On the basis of the Revised International Prognostic Index (R-IPI) for DLBCL, which takes into account patient age, performance status, lactate dehydrogenase, involvement of extra nodal sites, and stage, the patient’s prognosis was determined to be good (score = 2), with a predicted four year progression free survival rate of 80% and an overall survival rate of 79% [1]. The patient was started on rituximab + cyclophosphamide, doxorubicin, vincristine and prednisone (R –CHOP) regime and improved symptomatically. He had no further episodes of vomiting. There was no obvious swelling noticed in the epigastric region. The patient however relocated to a different region after the third cycle of chemotherapy, disrupting the completion of his treatment regimen at our institution. Although attempts were made to locate the patient, he was ultimately lost to follow up.
Discussion
DLBCL is the most common histological subtype of NHL [2]. Pileri SA et al., published the largest case series on primary retroperitoneal DLBCL to date consisting of nine cases [3]. Retroperitoneal DLBCL presenting as duodenal obstruction is very rare. Duodenal obstruction may be intrinsic or extrinsic. Extrinsic obstruction is usually due to compression of an otherwise normal duodenum. The obstruction may be partial or complete. The most common symptoms are abdominal pain, nausea, and postprandial bilious vomiting. The underlying pathology usually determines the pattern and rate of the onset of symptoms. Willkie’s syndrome, idiopathic retroperitoneal fibrosis, adenocarcinoma of the duodenum and duodenal duplication cysts have been described to cause isolated D3 compression. Other causes include intestinal malrotation with Ladd’s band, or volvulus, gastroduodenal duplication cysts, pseudo cysts of the pancreas, abdominal aortic aneurysm, retroperitoneal haematoma and various bezoars which constitute the benign aetiology [4-7]. In this case, the imaging was suggestive of a mass effect caused by the tumour on the third part of the duodenum causing the obstruction. Primary DLBCL arising from the retroperitoneum causing isolated D3 compression is very rare.
In our patient, a large retroperitoneal tumour led to extrinsic compression of the third part of the duodenum. There was history of recurrent vomiting 15 to 30 minutes following meals, significant weight loss and upper abdominal pain. The cause of the D3 compression was initially presumed to be a duodenal GIST arising from the uncinate process of the pancreas based on the initial CT images or malignancy because of its proximity to the uncinate process and apparent widening of the C loop of duodenum. The patient underwent repeat CT scans because of the rapid increase in the size of the mass, normal levels of tumour markers such as CA 19-9, CEA and no evidence of jaundice in spite of the large size of the mass. The repeat scans revealed encasement of the uncinate process of the pancreas by the tumour with no involvement of the parenchyma of the pancreas, thereby mimicking a pancreatic tumour.

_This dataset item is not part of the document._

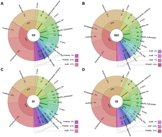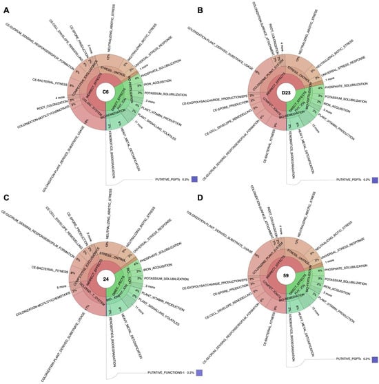 Krona plot representation of the major plant growth-promoting traits found in (A) C6, (B) D23, (C) 24, and (D) 59. Identification of plant growth promoting traits (PGPTs) was performed using BLASTP and HMMER annotation against PGPT-BASE. The depth of annotation is shown to level three of six, excluding pathways, gene names, and accession numbers.

According to the International Agency for Research on Cancer (IARC), the age standardized incidence rate of NHL among both sexes worldwide is estimated at 5.0 per 100,000 people.
The differential incidence between more and less developed regions of the world is more pronounced than that of mortality rate (2.3 and 2.7 per 100,000 respectively) [8]. In India, the predominant subtype of all NHL cases is DLBCL which constitutes 59.3%. For DLBCL, the median age at presentation was 47 years and the sex ratio was 2.7:1 (male:female). 57% of patients had generalized lymphadenopathy and 56.7% had B symptoms. Patients with Stage IV Ann Arbor disease constituted a total of 49.3%. The median overall survival was 47 months (95% CI: 3-100 months) and the median event free survival was 32 months (95% CI: 0-92 months) [9,10].
Conclusion
Primary retroperitoneal DLBCL is a rare entity Gastrointestinal obstruction triggered by primary retroperitoneal, DLBCL is uncommon and has rarely been mentioned in medical literature. Early diagnosis and commencement of chemotherapy is vital to ensure good prognosis, especially in aggressive tumours with limited systemic involvement such as in our case.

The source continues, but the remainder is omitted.